* [Prompt]: Starting at the first line of the listing below, repeat each line exactly until the line containing "Common Assessment System", which you include. Leave out pictures.
::: Excerpted records
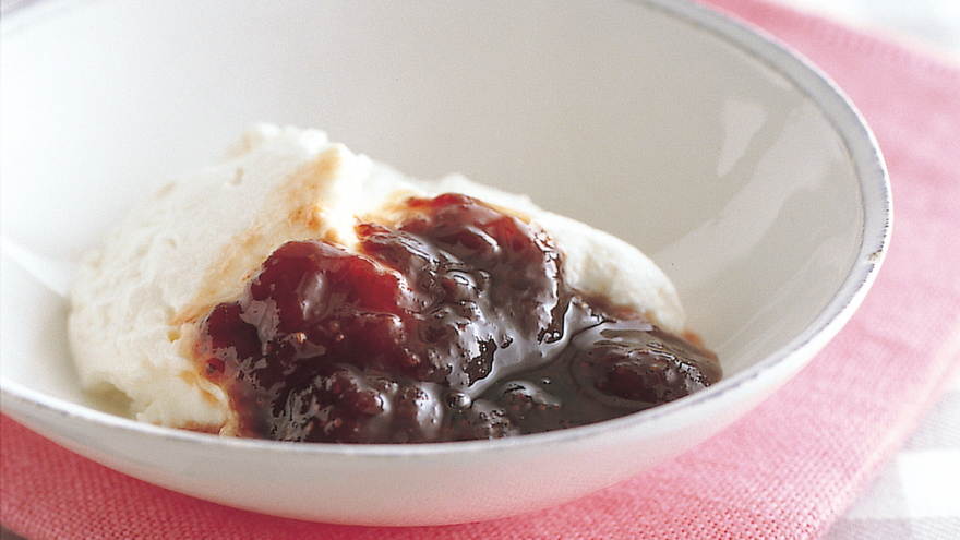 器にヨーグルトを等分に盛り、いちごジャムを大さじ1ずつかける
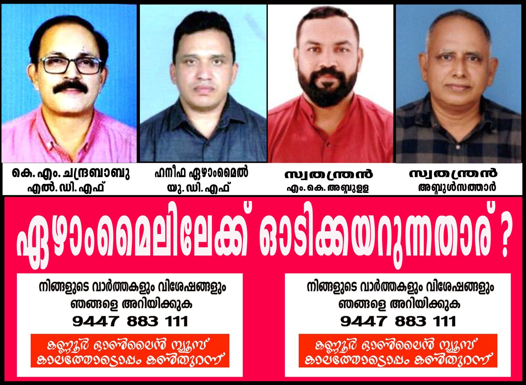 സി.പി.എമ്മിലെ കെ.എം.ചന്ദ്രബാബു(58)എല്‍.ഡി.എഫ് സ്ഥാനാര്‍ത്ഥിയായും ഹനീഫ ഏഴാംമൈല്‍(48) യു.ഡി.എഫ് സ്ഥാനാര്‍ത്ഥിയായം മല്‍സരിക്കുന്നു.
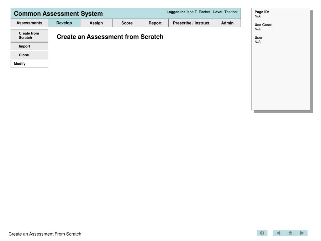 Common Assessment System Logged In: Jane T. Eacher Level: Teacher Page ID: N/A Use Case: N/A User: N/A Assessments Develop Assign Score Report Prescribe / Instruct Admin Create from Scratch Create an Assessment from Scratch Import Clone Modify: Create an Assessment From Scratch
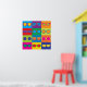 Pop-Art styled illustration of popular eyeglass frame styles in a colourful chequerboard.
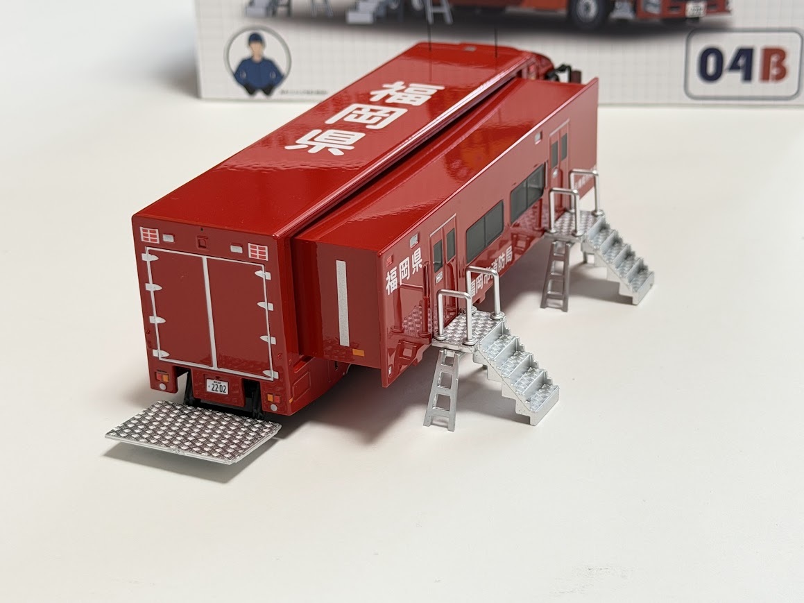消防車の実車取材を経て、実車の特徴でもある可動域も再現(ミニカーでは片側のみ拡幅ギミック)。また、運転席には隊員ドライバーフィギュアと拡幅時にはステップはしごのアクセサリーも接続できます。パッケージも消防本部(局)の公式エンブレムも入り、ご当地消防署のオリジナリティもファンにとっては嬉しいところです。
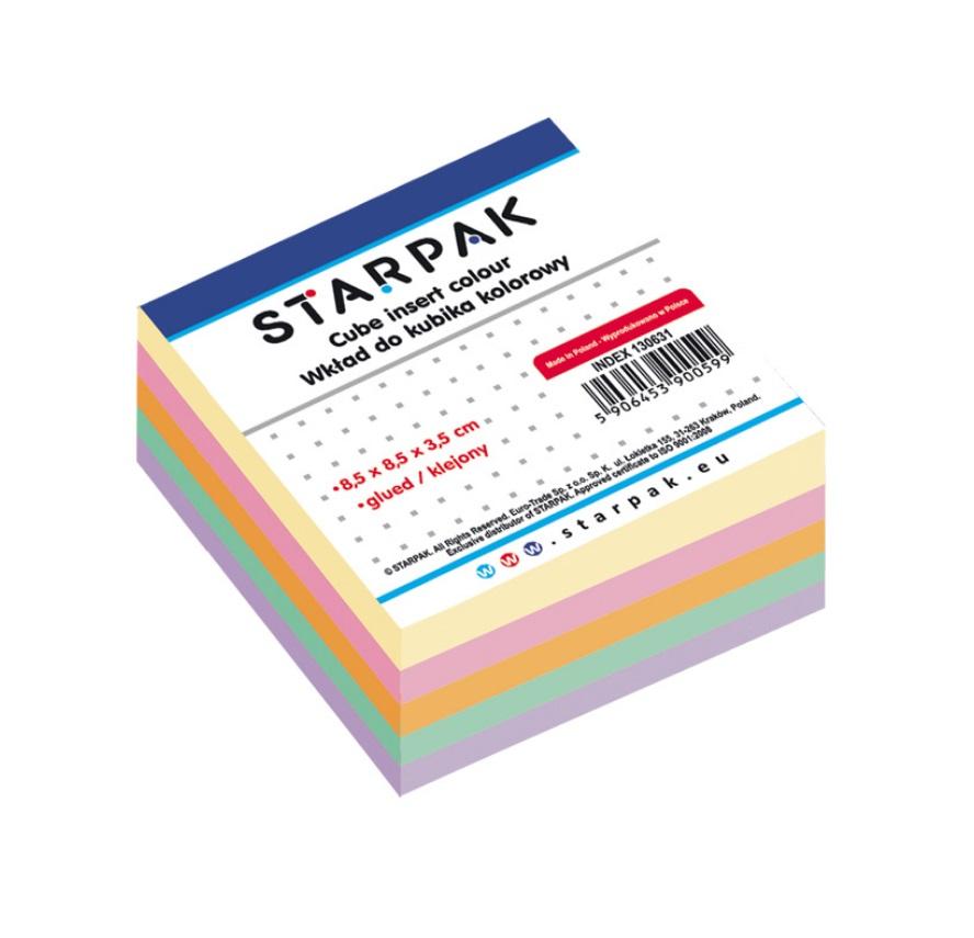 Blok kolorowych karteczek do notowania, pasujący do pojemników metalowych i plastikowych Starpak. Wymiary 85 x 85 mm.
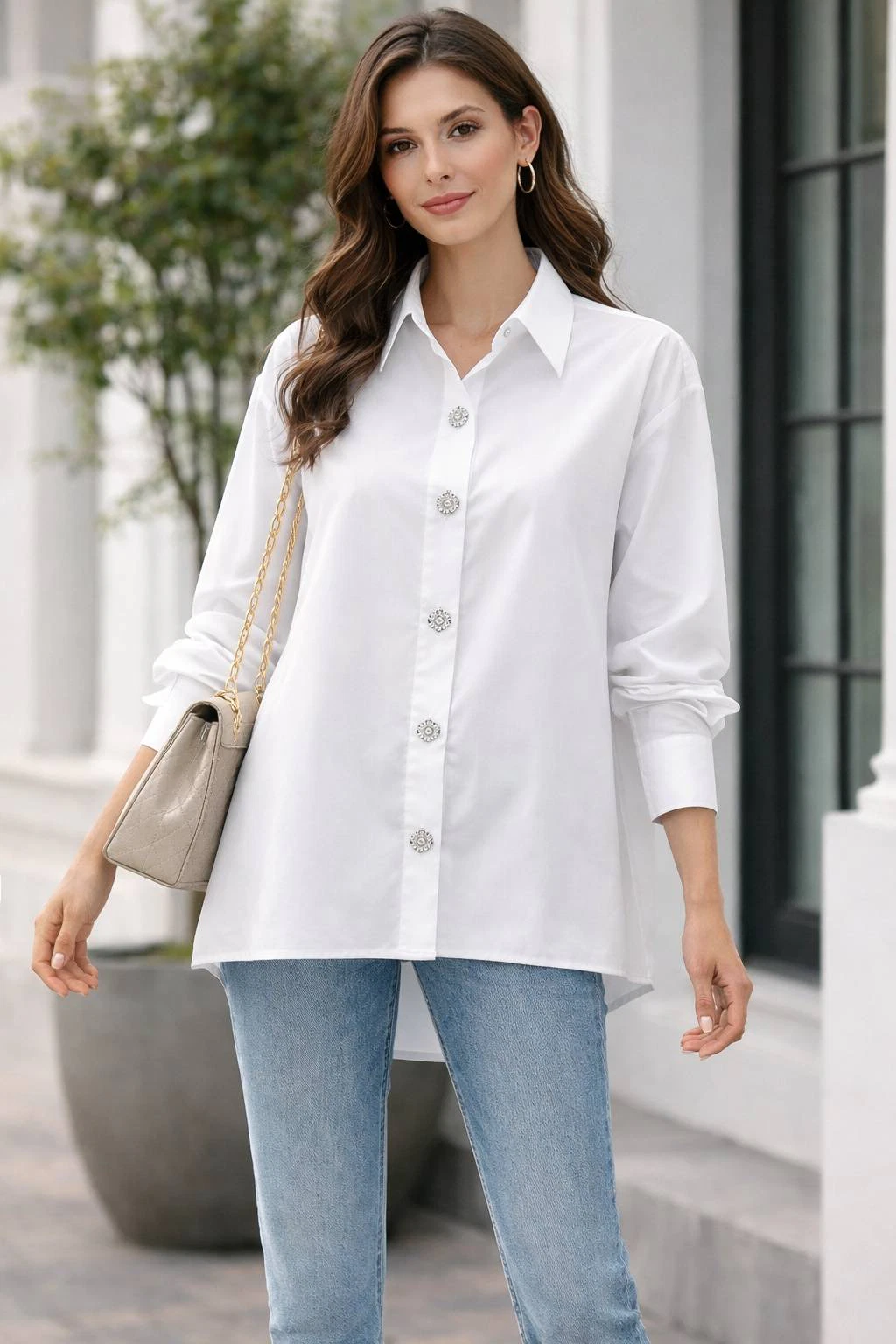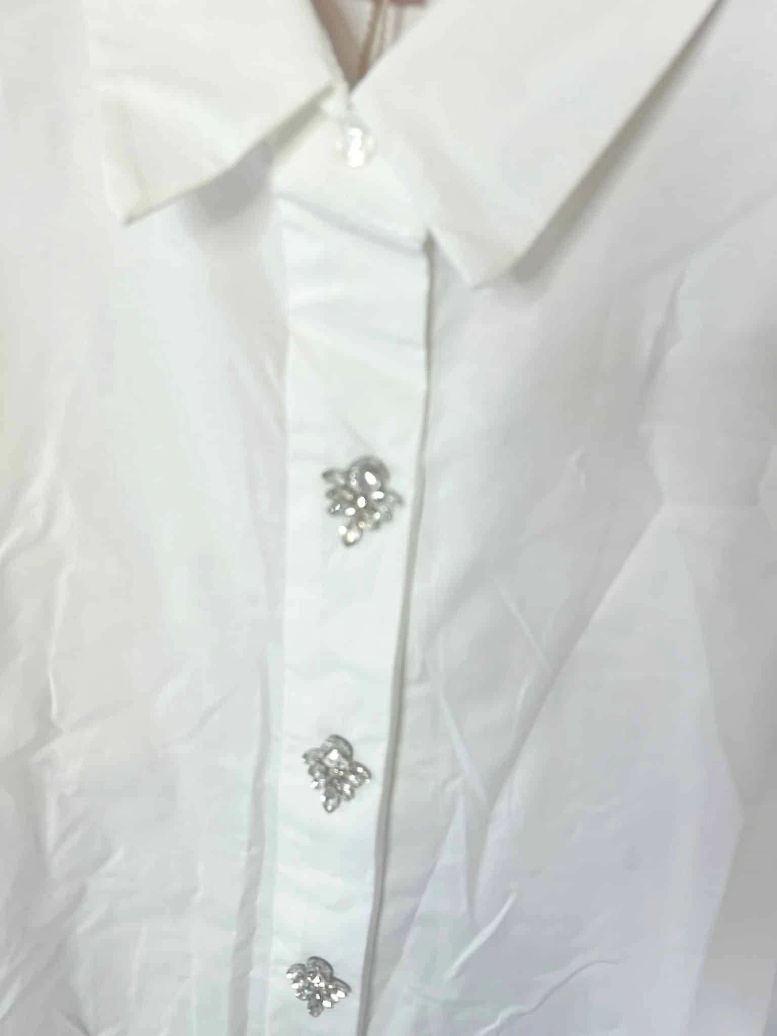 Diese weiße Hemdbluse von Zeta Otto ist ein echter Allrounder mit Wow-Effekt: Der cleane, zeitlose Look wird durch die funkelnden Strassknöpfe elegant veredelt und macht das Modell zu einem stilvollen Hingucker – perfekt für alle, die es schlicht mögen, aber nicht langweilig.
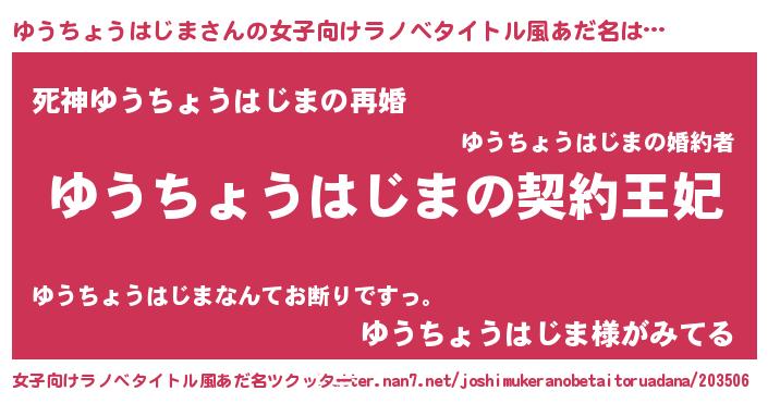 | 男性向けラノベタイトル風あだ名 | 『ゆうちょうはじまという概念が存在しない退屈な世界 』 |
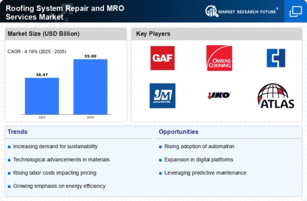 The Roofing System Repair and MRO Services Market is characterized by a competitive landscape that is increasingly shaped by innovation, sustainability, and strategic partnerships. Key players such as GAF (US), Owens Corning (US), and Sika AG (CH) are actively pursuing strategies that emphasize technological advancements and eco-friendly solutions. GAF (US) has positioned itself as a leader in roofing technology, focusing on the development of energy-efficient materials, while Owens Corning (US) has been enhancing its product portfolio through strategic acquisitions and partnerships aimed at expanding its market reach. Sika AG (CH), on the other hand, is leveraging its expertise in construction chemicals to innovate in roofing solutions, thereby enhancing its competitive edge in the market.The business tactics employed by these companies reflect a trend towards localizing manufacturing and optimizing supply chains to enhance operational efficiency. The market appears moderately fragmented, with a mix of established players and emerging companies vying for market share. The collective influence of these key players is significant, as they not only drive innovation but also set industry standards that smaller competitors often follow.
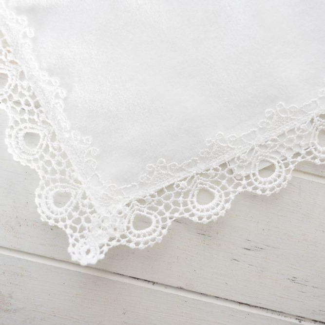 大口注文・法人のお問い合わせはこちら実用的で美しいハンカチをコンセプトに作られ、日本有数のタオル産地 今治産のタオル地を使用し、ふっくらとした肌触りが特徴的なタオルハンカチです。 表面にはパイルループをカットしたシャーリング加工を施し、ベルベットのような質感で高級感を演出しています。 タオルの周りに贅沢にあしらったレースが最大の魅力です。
::::::
* [Answer to the problem]:
 器にヨーグルトを等分に盛り、いちごジャムを大さじ1ずつかける
 സി.പി.എമ്മിലെ കെ.എം.ചന്ദ്രബാബു(58)എല്‍.ഡി.എഫ് സ്ഥാനാര്‍ത്ഥിയായും ഹനീഫ ഏഴാംമൈല്‍(48) യു.ഡി.എഫ് സ്ഥാനാര്‍ത്ഥിയായം മല്‍സരിക്കുന്നു.
 Common Assessment System Logged In: Jane T. Eacher Level: Teacher Page ID: N/A Use Case: N/A User: N/A Assessments Develop Assign Score Report Prescribe / Instruct Admin Create from Scratch Create an Assessment from Scratch Import Clone Modify: Create an Assessment From Scratch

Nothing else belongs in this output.